Meina´da bir anma töreni -2

Metin DELEVİ Perspektif
11 Ekim 2023 Çarşamba

Meina katliamını gerçekleştiren SS birliğinin komutanı yani katliam emrini veren ve bizzat gerçekleştiren Hans Röhwer’in yeğeni Maite Billerbeck’in konuşmasının peşinden gelen alkışlar dakikalarca devam etti. Ancak en anlamlı sahne, Rossana ve Maite’nin, her ikisi gözleri yaşlı, birbirlerine dakikalarca sarılmalarıydı. Bu bir çeşit özrün kabulü anlamına geliyordu. Her ikisinin de 1943 katliamıyla bağlantısı vardı: Birinin büyük dayısı katliamı gerçekleştirmiş diğerinin de annesi ve ailesi Türk Konsolosun devreye girmesiyle hayatlarını kurtarmış ancak sahibi oldukları Hotel Meina’da kalan diğer 16 Yahudi hunharca katledilmişti.

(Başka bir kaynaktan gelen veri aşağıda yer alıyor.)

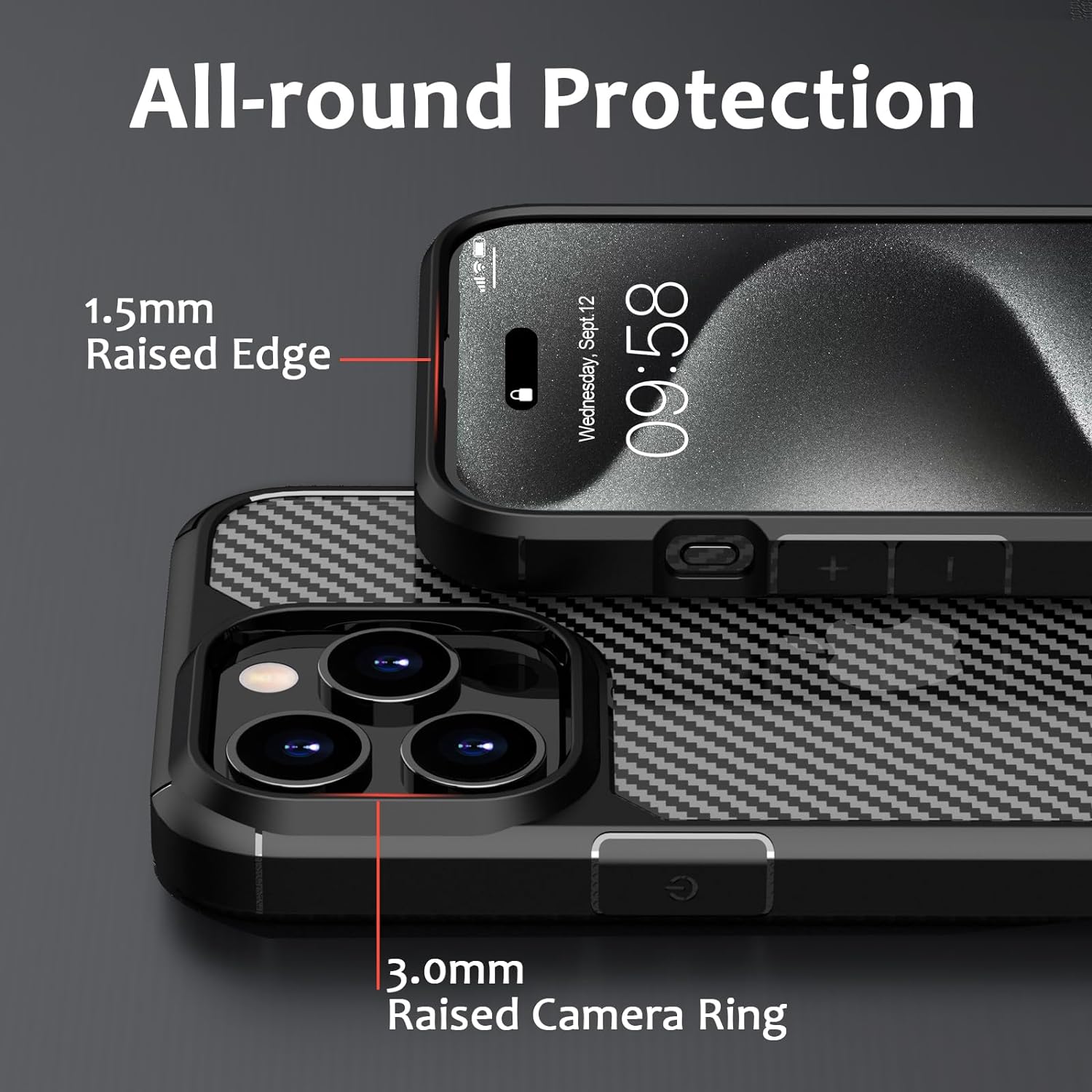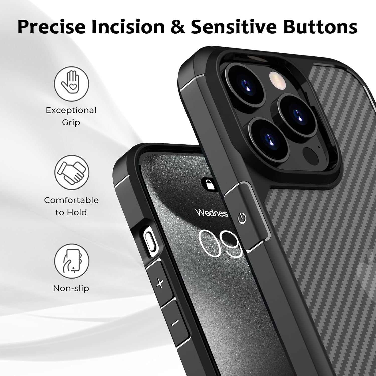 - [ZERO FINGERPRINTS & SCRATCHES] This iPhone 15 Pro Case is made of 3D Carbon Fiber and Soft TPU material. Semi-permeable matte fiber textures, realizes true zero fingerprint & zero scratches.

Yıllardır bu anma törenlerini düzenleyen ve olayı yaşayan Becky Behar’ın kızı Rossana Ottolenghi Ruperini ve çeşitli İtalyan gazetelerinde yayın yönetmenliği yapmış ünlü gazeteci Mario Calabresi soru-cevap halinde Maite’nin konuşmasını yorumladılar. Bu arada belirtmem gerekir ki Rossana Ottolenghi’de psiko-terapist.

Mario: Çok teşekkür ederim Rossana, sizi birleştiren birden fazla tema var: suçluluk duygusuyla ve sessizlikle mücadele. Bu konu hakkında düşüncelerini öğrenmek isterdim.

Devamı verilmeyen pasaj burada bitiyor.